To say that Ivan was used to the sensation of abandonment would be an understatement. He'd been abandoned by the other nations, by his own family, even by the ones he considered to be his friends-

But the day he was abandoned by his own people was the day he caught sight of the first wrinkles beneath his eyes. He told himself that it was stress, stress from the loss of the war, from watching America across the Pacific Ocean flood his cities with newspaper headlines like confetti in the streets. Confetti that fell like ash on Ivan's shoulders, weighed him down until his feet could no longer carry him. Seep into his skin until the unnatural paleness took on a gray undertone. Bleed into his hair until the pale wheat color faded into silver.

It wasn't to say that Ivan particularly enjoyed his new apartment. It was… smaller - significantly so - than his house before this (before Belarus left) and only the size of his foyer in his mansion before that (before everyone left), but without the government's money (without the government) to fund the payments of his old house, Ivan was forced to take a job as a fish-cutter fourteen blocks away. He could stand the first week, of the employers, of the customers, of the smell of fresh fish, and of rotting fish, but then he just hated it - the snow caught on the ends of his eyelashes, the employers, the customers, the people - his people, and how much he hated them like the smell of rotting fish and the rotting drywall of his apartment.
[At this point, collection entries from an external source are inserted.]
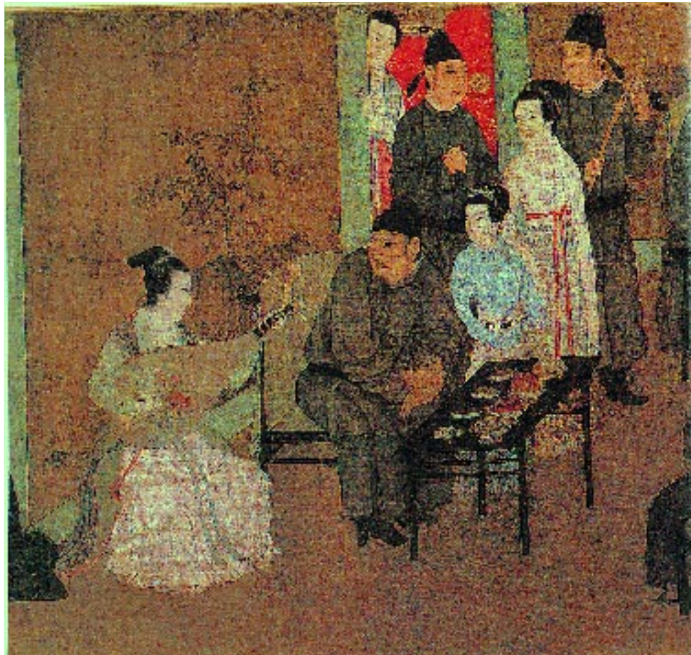
FIGURE 1.8 Attributed to Gu Hongzhong (tenth century). The Night Revels of Han Xizai . Early twelfth-century copy. Detail of a handscroll. Ink and color on silk. Height 29 cm, length 338.3 cm. Palace Museum, Beijing.

story behind its creation were recorded in the early-twelfth-century catalog of the painting collection of the Song emperor Huizong (r. 1101–26). 16 Han Xizai was an accomplished and learned gentleman who, to avoid being appointed to an official government post, deliberately led a dissipated existence. The emperor was suspicious, however, and wanted to discover if there was any truth in the stories about Han's lavish and licentious parties. So he sent Gu Hongzhong to attend one of the banquets and paint what he saw, and what Gu saw was most improper according to Confucian standards. The result was not only this delightful painting, but also one of the first extant depictions of a Chinese interior showing in detail the chair-level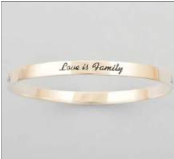
JBN110748D60MEN WT: 13.2 gm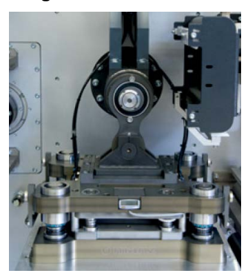
Image 1: the processing module of the Highspeed Notching Platform from Manz is a master of a variety of notching processes – by means of mechanical or laser cutting.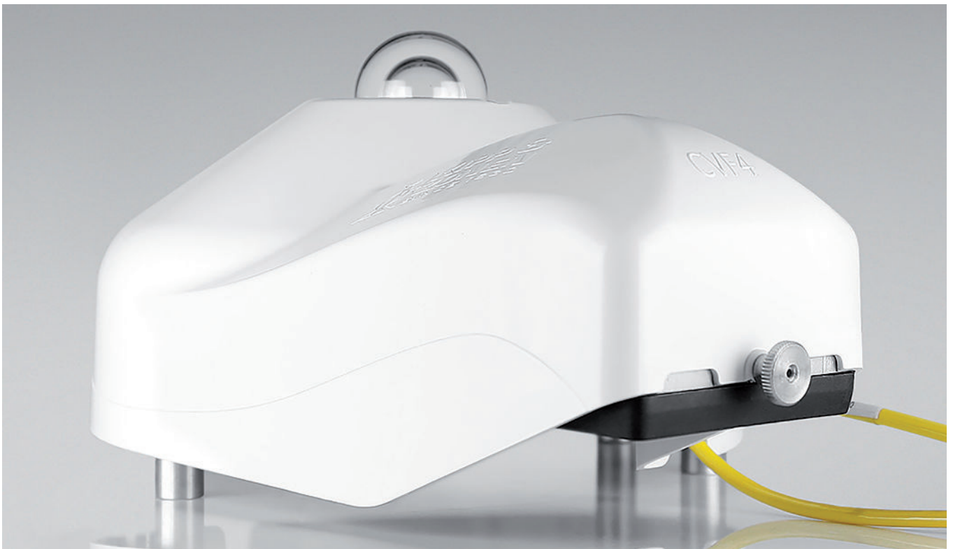
Pyranometer with ventilation and heating unit

utility-scale PV plants often have significant contractual under-performance penalties. The uncertainty of the hourly irradiance totals will be around 6-8% and this is not good enough for meaningful PR calculations that will satisfy all stakeholders. It is unlikely that stakeholders will see a necessity to install 6 module temperature sensors per monitoring system.

And he hated the squat, plump owner of the shoppe who demanded that he hung his scarf on the hanger along with his coat, like they actually belong together on the same plane - staring at his scars like they were blood diamonds on his neck.

And then the taste of blood on his tongue the afternoon that his knife slipped- and how it wouldn't stop bleeding - - how he thought he was going to die because he can now-

(And he was so used to drawing the blood of another, and drawing his own)

He was pleading, shaking, on the verge of tears, his thumb pressed against his wrist as a solitary bead of blood collected on his fingernail and hit the tile floor. And before his he could register his own heart (his own living, beating heart, the one the others said didn't exist, the fragile little muscle pumping blood to the end of his fingertip where it won't be returned) beating in his ears, he felt the wicked bite of a towel against his arm. The woman, the one he called "boss" who had no authority but over the 220 square feet she owned of the 183,796,715,520,000 square feet he once called his own, who smelled of rotten fish and dared to beat a dying man with a towel and demand that he get back to work. ("You incompetent boy! Do not stand around like a fool! Get back to work, there are fish to cut!")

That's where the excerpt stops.